Recently I’ve been reviewing studies related to hydrogen trucking, as it’s one of the few places where serious transportation research organizations still hold out hope for the energy carrier. I’ve looked at studies from multiple countries in Europe and North America back as far as 2010 now.
Most recently I’ve been part of the peer-review group of a European study doing another total cost of ownership simulation across hydrogen, battery electric and electric road systems, biofuels and diesel as the baseline. One thing that leapt out at me was that assumptions of maintenance of hydrogen vehicles appeared too low, with the study showing it would barely be more than battery electric.
I was aware of anecdotal evidence of higher fleet maintenance costs and first principles related to high pressures, extreme temperature ranges, air purity requirements and the characteristics of hydrogen suggested it should be more as well. So I looked for more data.
California fleet maintenance reports showed that hydrogen fuel cell buses across three transit organizations and a combined eight years of operation had maintenance costs over 50% higher than diesel buses on average for the same distances traveled. While researching and writing that up, I briefly wondered whether the complex refueling stations had similar maintenance challenges, but left that for another day.
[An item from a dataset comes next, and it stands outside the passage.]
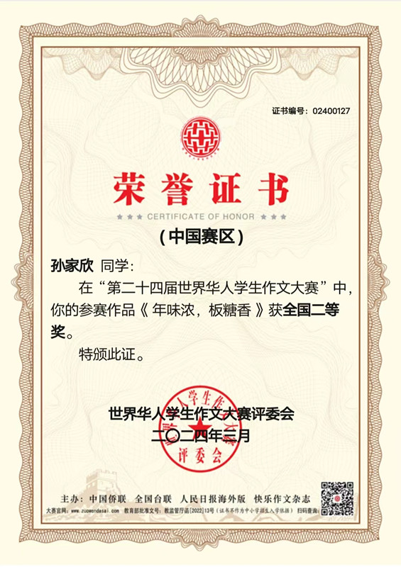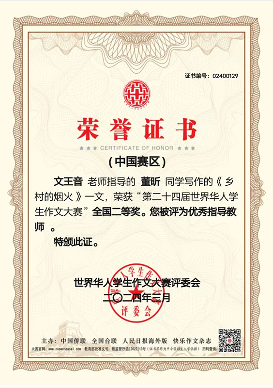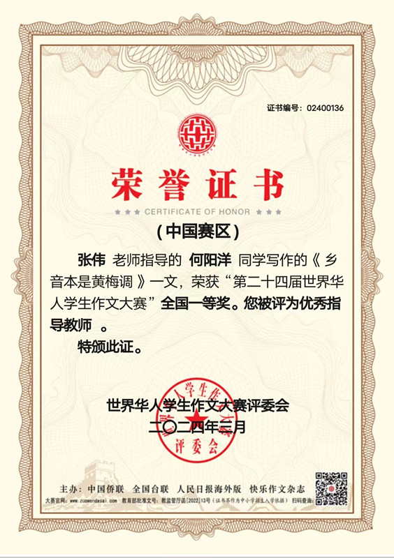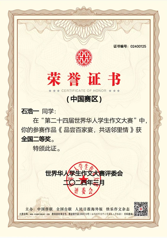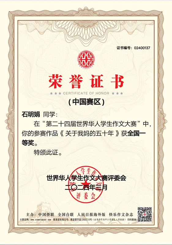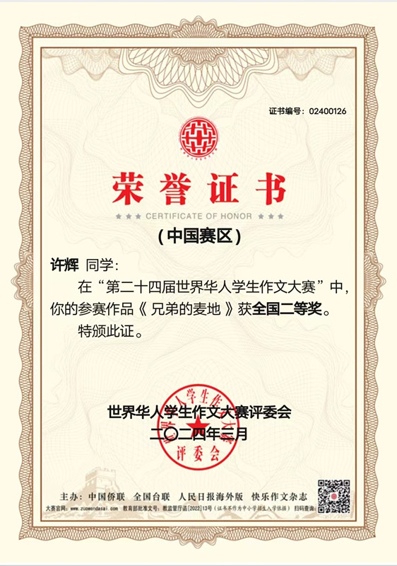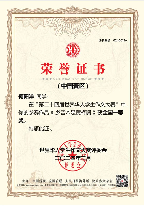45 個國家和地區的 380 多萬名學生參加,評委會共收到復審稿件 35 萬多份。在如此激烈的競爭中,宿中學子們脫穎而出,展現了他們的出眾的文學才華和扎實的寫作功底。

Today is apparently that day.
After publication, a chemical engineer acquaintance told me that maintenance costs were usually presented in total cost of ownership studies as being 3% of capital expenditure per year, but that quotes from refuelers he had received while considering a 350 atmospheric pressure refueling solution were indicating that it should be 10% of capital expenditures instead. Unfortunately, he wasn’t able to share them.
Sure enough, when I went to look at the International Council on Clean Transportation’s assumptions about hydrogen refueling stations, I found this:
We assume the annual fixed operational cost of maintenance and labor to be 4% of the system capital cost, similar to previous studies (Brynolf et al., 2018; Matute et al., 2019).
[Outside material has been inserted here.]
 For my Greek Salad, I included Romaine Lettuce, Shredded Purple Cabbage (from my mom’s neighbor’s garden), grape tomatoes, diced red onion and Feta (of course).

Anecdotally it appears that this is another thumb on the scale that benefits hydrogen truck refueling total costs of ownership that is systemic. But is it actually true? Is there data that is available that the ICCT and others should be considering?
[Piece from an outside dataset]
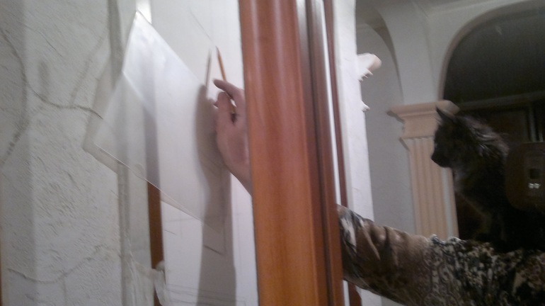 Самостоятельно забирался по ногам и сидел на моей руке, следил за работой карандаша(он же шуршит), путался под ногами(дитё же) и залез за 5 секунд в ведро с краской), отмывали, сушили. В общем было не скучно.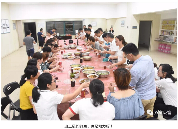 我們?cè)诰艠情w擺設(shè)了史上最長(zhǎng)餐桌

It took a while to track down a source, but yet again California and the US NREL came through. I found a 2022 report, Next Generation Hydrogen Station Analysis, presented as part of the DOE Hydrogen Program at an Annual Merit Review and Peer Evaluation Meeting. It included six years of maintenance data on the fuel cell pumps in the state. The data ended after Q2 of 2021, but that was sufficient to see an increase post COVID and of course there was pre-COVID data.
The data covered 55 retail stations, mostly for light vehicles, pumping hydrogen at 700 atmospheres into Toyota Mirais, Hyundai Nexos and the like. Many have only a single pump because there’s no demand for more. There were also a couple of heavy vehicle stations in there, but they weren’t split out separately, which is unfortunate as the added complexity undoubtedly adds to the maintenance costs. 110 new stations that the state intended to build never materialized, and the current count remains 55 a couple of years later.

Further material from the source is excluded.